Finding Workable Solutions for Governance, Risk, and Compliance Part 2

Finding Workable Solutions for Governance, Risk, and Compliance Part 2

Author: | Published: 03 Aug 2018

Hard to believe that there are over 100 000 information security breaches at listed companies every day.

South Africa has the benefit of the King Commission into Corporate Governance (or as it is described – Responsible Corporate Citizenship). This commission has progressed all of the way to King IV, or the 4th commission into Corporate Governance.

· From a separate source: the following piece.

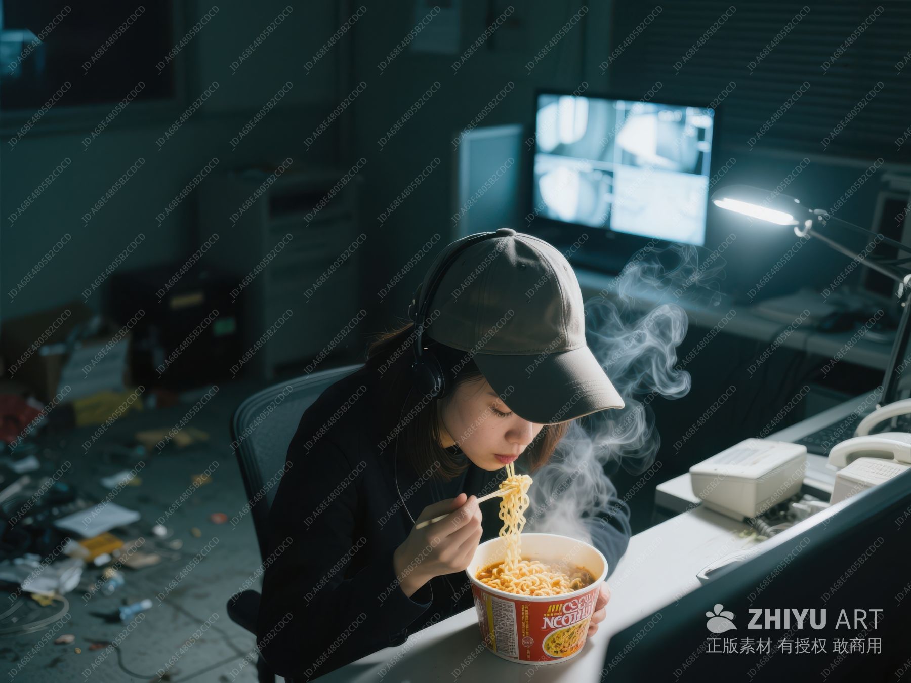 深夜办公,女子专注享用热气腾腾的泡面 335

King III introduced IT governance and risk awareness at board level, and introduced IT Governance as part of a director’s Duty of Care. King IV introduced the deliberate separation of technology and information to address the question of protection of personal information as opposed to access to personal information. King IV is also a deeper delve into the POPI Act (Protection of Personal Information) and some of its implications for the organisation. The POPI Act (which is very similar to the GDPR Act of the UK) includes personal information such as email address, financial information, and online messaging, amongst others.

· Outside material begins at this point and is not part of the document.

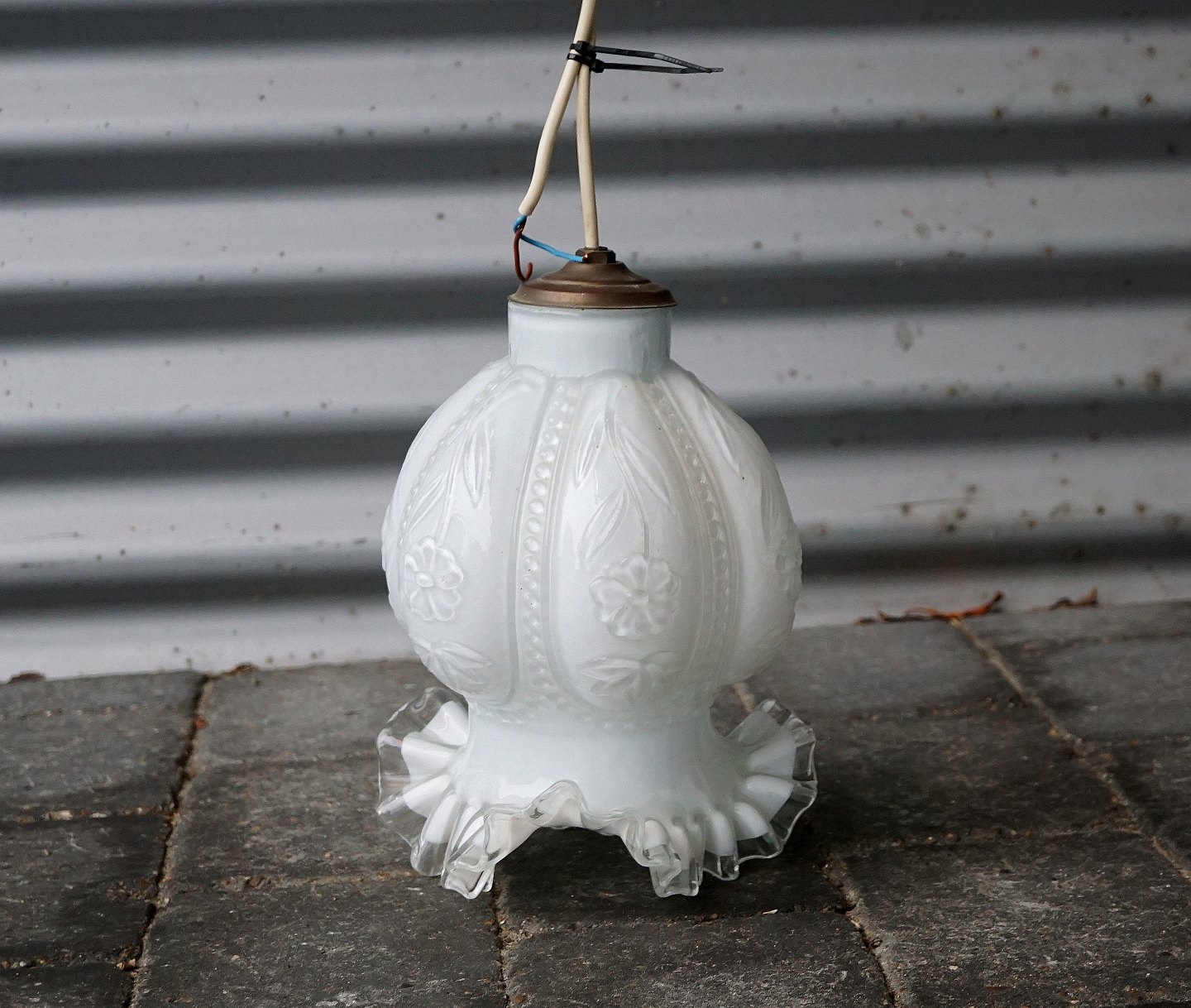 Hvid opal glas pendel, med flæser kant, der er klart overfangsglas på pendlen

In today’s business environment, a cyber-breach is a much bigger risk than disaster recovery, highlighting the need for advanced information security. The South African public have recently experienced such a breach at a South African life insurance and investment organisation:

  • They were breached and did not know it until the ransom was demanded
  • Then they kicked into gear, and investigated, etc. to eliminate the breach
  • Feedback to the public was sketchy, with a reassurance that their personal data was safe as only the email and possibly attachments was breached

In light of the above example, let’s take a brief look at some of the main recommendations from the King IV commission which can be applied in any organisation:

Information Management

The risks associated with the technology and the information need to be managed, which implies a continuous monitoring of all of the aspects of information, data quality and data security.

Information Security Management System (ISMS)

This is best undertaken through an ISMS framework, developed by the board and managed by the business management team. This would require IT Governance and Security to become a board meeting agenda item. The ISMS also needs to be a clear and concise plan, fully understood and actionable upon a breach being detected.

Disaster Recovery Officer

This ISMS should be the responsibility of the Disaster Recovery Officer who would monitor and report cyber breaches and private information leaks. Typically this would be the Chief Information Officer (CIO).

There are many more recommendations, but by implementing the above processes, will hopefully limit the risk.